* WHAT YOU ARE ASKED TO DO *
Take each line below that has "NEATA" and copy it.

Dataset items

BEGIN

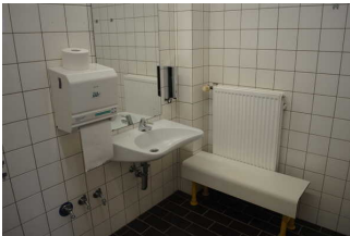
Sanitärraum für Menschen mit Behinderung
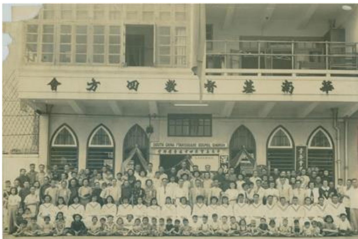
一九四九年週年紀念合照（西洋菜街堂門外）。

立的第一間教會。艱苦工作了數年，可惜在一九四二年日軍侵佔香港，大部分會友離港，事工因而被迫停頓。和平後於一九四六年在花園街租地方重整工作，事工重新開始。當時亦曾差派同工到廣州的一德路開拓福音工作，可惜只有一段短時期便停頓了。華南區只有香港仍維持福音工作，直至一九四九年購入西洋菜街 215-217 號地段，教會才有屬於自己的地方發展事工，同時亦開辦了深培學校，事工亦進入了一個新的階段。
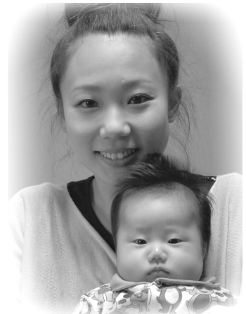
▽絆音(きん)ちゃんへ

日々の成長が嬉しいです。明るく元 気な子に育ってね。生まれてきてく れてありがとう。
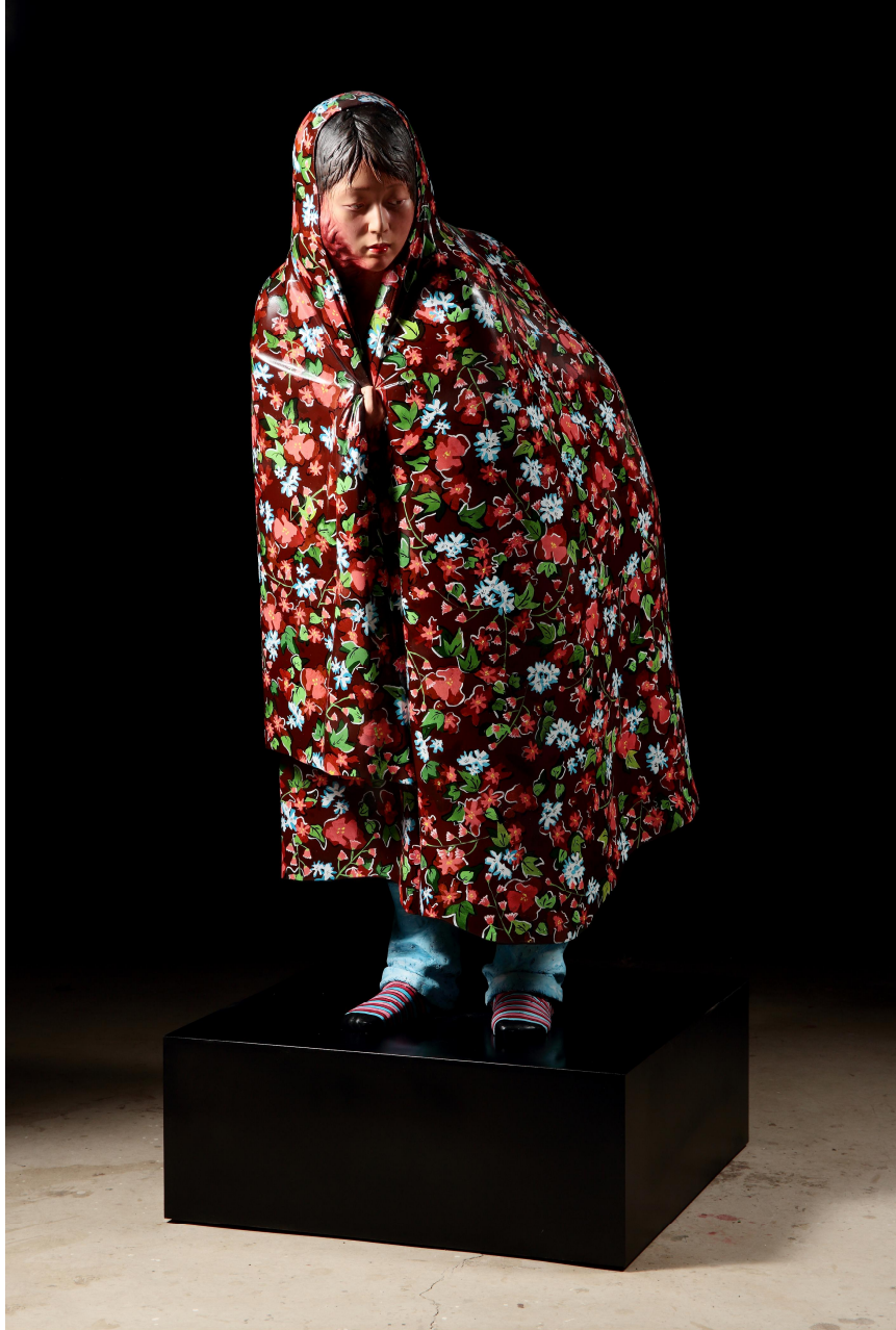
【작품 7】 은폐
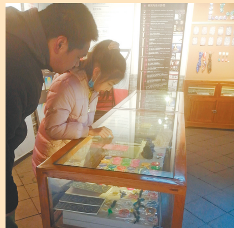
创意纪念品惹人喜爱
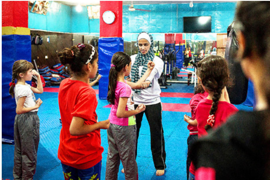
KARATE HÖR till de mest populära aktiviteterna som genomförs för barn och unga med medel från insamlingen. Alla får delta – både jordaniska unga och flyktingar.

Människohandel och med den jämförbart utnyttjande anses vara en av de största utmaningarna idag då det gäller
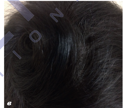
Пациентка К., 44 года: а — до лечения; б — после трех процедур редермализации; в — после завершения курса процедур, включающих редермализацию и плазмотерапию.
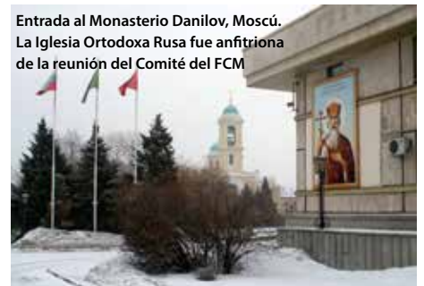
Entrada al Monasterio Danilov, Moscú. La Iglesia Ortodoxa Rusa fue anfitriona de la reunión del Comité del FCM
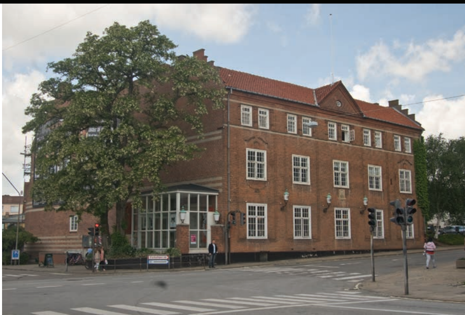
Sønderborghus i hjertet af Sønderborg bliver omdrejningspunktet for NEATA festivalen – med festivalkontor, kantine, teatersal og teatercafe.

NEATA Youth vil gerne give alle unge i alderen 18-25 år, der brænder for teater, en mulighed for at opleve et internationalt fællesskab omkring en festival. Derfor har vi valgt at etablere en intens workshop med en professionel
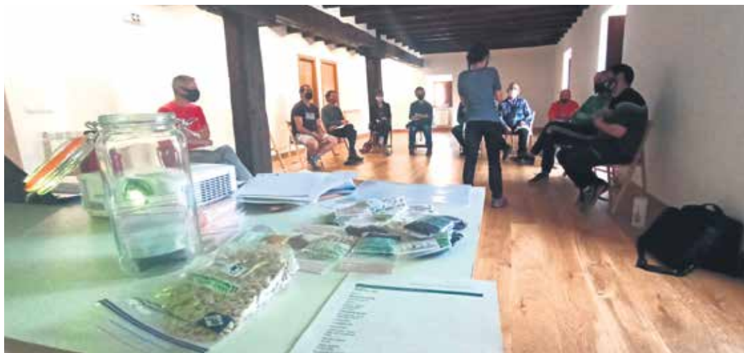
Zaintza sareko kideak azalpenak entzuten, mahai gainean haziak zain dituztela. SAKANAKO GARAPEN AGENTZIA
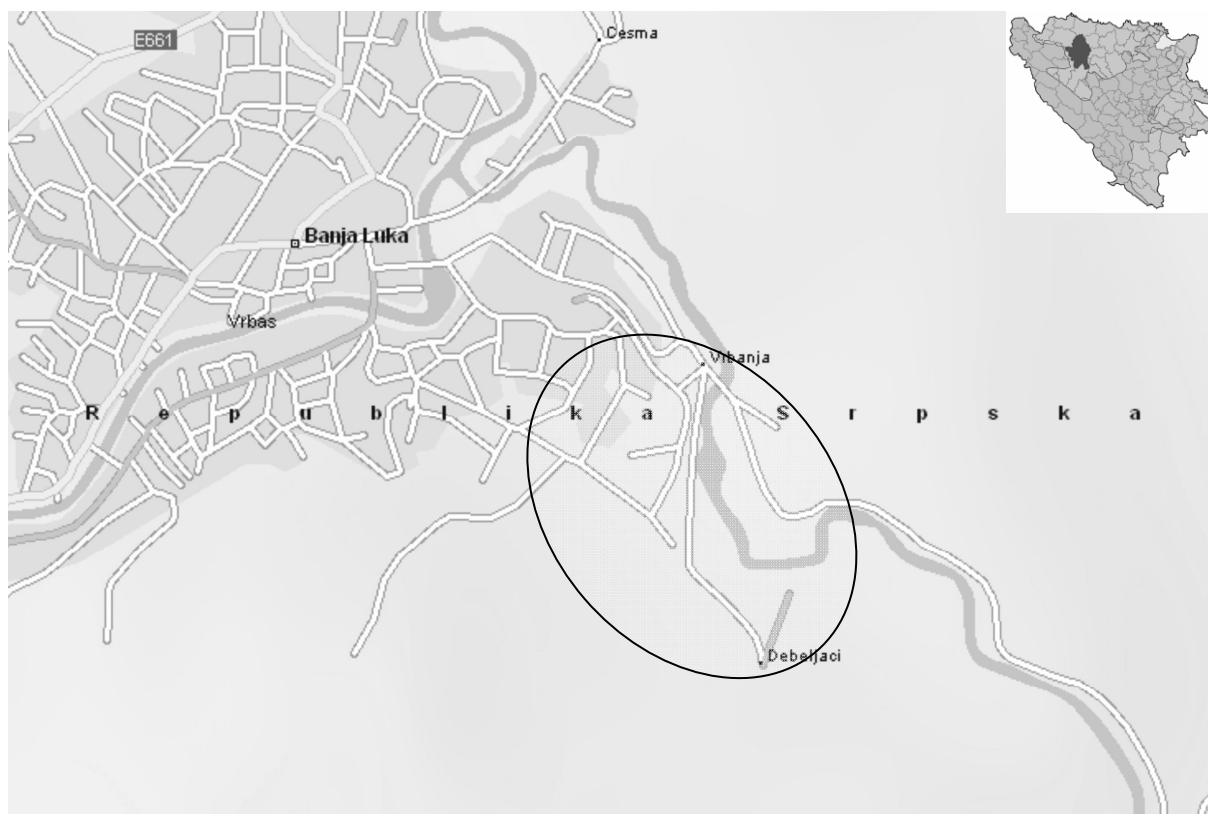
Slika 1. Geografski položaj područja istraživanja

Predmetni prostor nalazi se u istočnom dijelu grada Banja Luke, oko 3 km od njegovog središta. To je teren pretežno nižih brdskih uzvišenja koja omeđuje na jugoistoku prostranu aluvijalnu ravan doline Vrbasa u zoni ušća i donjeg toka Vrbanje. Dreniranje površinskih i podzemnih voda vrši se površinom padinama i potočnim jarugama u pravcu Vrbanje.
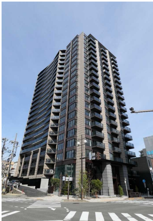
優良建築物等整備事業 (千秋久保田町地区 共同住宅)
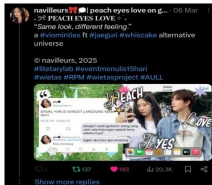
Gambar 1. Tampilan prompt karya AU

pada awal postingan thread , penulis akan mengunggah sebuah postingan sebanyak 4 atau 2 gambar yang disebut sebagai prompt AU untuk mempromosikan karyanya sebelum nantinya akan menjadi sebuah karya AU yang lebih panjang (Ramadhan & Wirajaya, 2024). Berdasarkan pada gambar 1 di atas, penulis @xningiepparkx yang mempublikasikan karya AU berjudul "PEACH EYES LOVE" menampilkan prompt AU-nya dengan desain yang menarik dan penuh warna, penulis juga menambahkan visualisasi dari tokoh utama perempuan dan laki-laki, serta potongan isi cerita. Penulis menggunakan kreativitasnya untuk membuat desain yang menarik sehingga karya AU yang dipublikasikan dapat membangun antusiasme dari calon pembaca dalam waktu singkat.
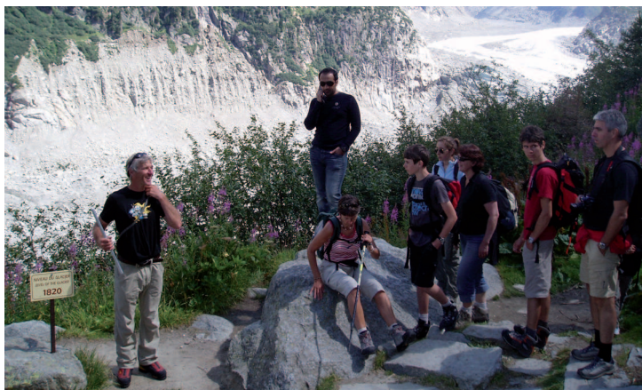
Site du Montenvers

Le musée à ciel ouvert est un élément complémentaire et intermédiaire entre le « guide papier » et la visite guidée par des professionnels (Accompagnateurs en Montagne, guides du patrimoine, moniteurs et guides de haute-montagne) et s'appuie sur les scientifiques des différentes disciplines, installés dans la vallée et constitués en « réseau des acteurs de la connaissance » .
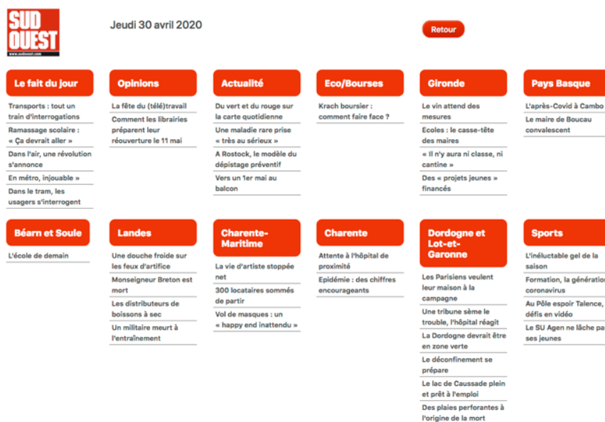
Figure 1 Affichage de la page d'accueil
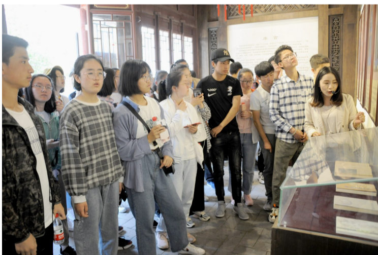
学生们参观杜受田故居。
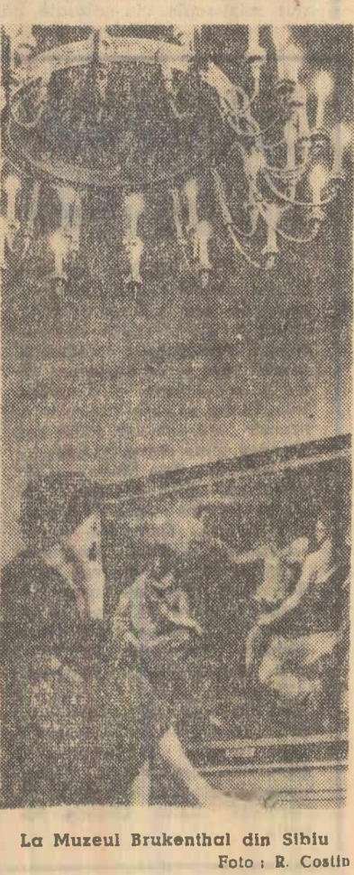
La Muzeul Brukenthal din Sibiu.

— Timpul noroșii pentru zilele de 30. 31 august și 1 septembrie. În țară: Vreme în ameliorare, cu cerul variabil. Ploi locale se vor semnala în nordul țării. Vînt slab pînă la intensitate moderată în creștere ușoară. Minimele vor fi cuprinse între 5 și 15 grade. În București: Vreme în ameliorare. Cer variabil. Vînt slab pînă la intensitate moderată. Minimele vor fi cuprinse între 5 și 15 grade. În Brașov: Vreme în ameliorare. Cer variabil. Vînt slab pînă la intensitate moderată. Minimele vor fi cuprinse între 5 și 15 grade.
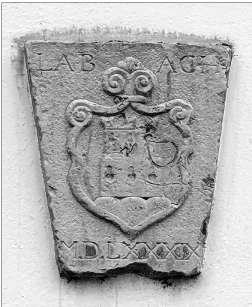
Zoisova palača, grb iz nekdanjega stolpa mestnega obzidja.

and the semi-circular arch of the portal features a relief of a flower. Above the shaft is a volute-shaped attic, complete with a pair of smooth volutes and a pair of upside-down acanthus leaves. The portal, originating from the first Zois corner house, was transferred to the current location about 1765, when the house was merged with the next-door Erberg Mansion. Probably built in the workshop of the master stone carver Luka Mislej between 1710 and 1727, the portal represents a high-quality and original work that stands out from the rest of Ljubljana's contemporary production. Other portals are less elaborate and constructed in the late-Baroque design. The first, fourth, and sixth portals from the left were built about 1805, during the last expansion of the mansion, and may be ascribed to Ignac Prager, an architect from Ljubljana. The second, third, and seventh portals were added in 1832, during the last major restoration of the mansion, formally imitating the former three.
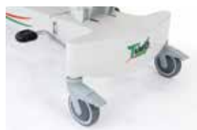
Kolesa s točkovno zavoro / Wheels with single break

END

* ANSWER BOX *
Sønderborghus i hjertet af Sønderborg bliver omdrejningspunktet for NEATA festivalen – med festivalkontor, kantine, teatersal og teatercafe.
NEATA Youth vil gerne give alle unge i alderen 18-25 år, der brænder for teater, en mulighed for at opleve et internationalt fællesskab omkring en festival. Derfor har vi valgt at etablere en intens workshop med en professionel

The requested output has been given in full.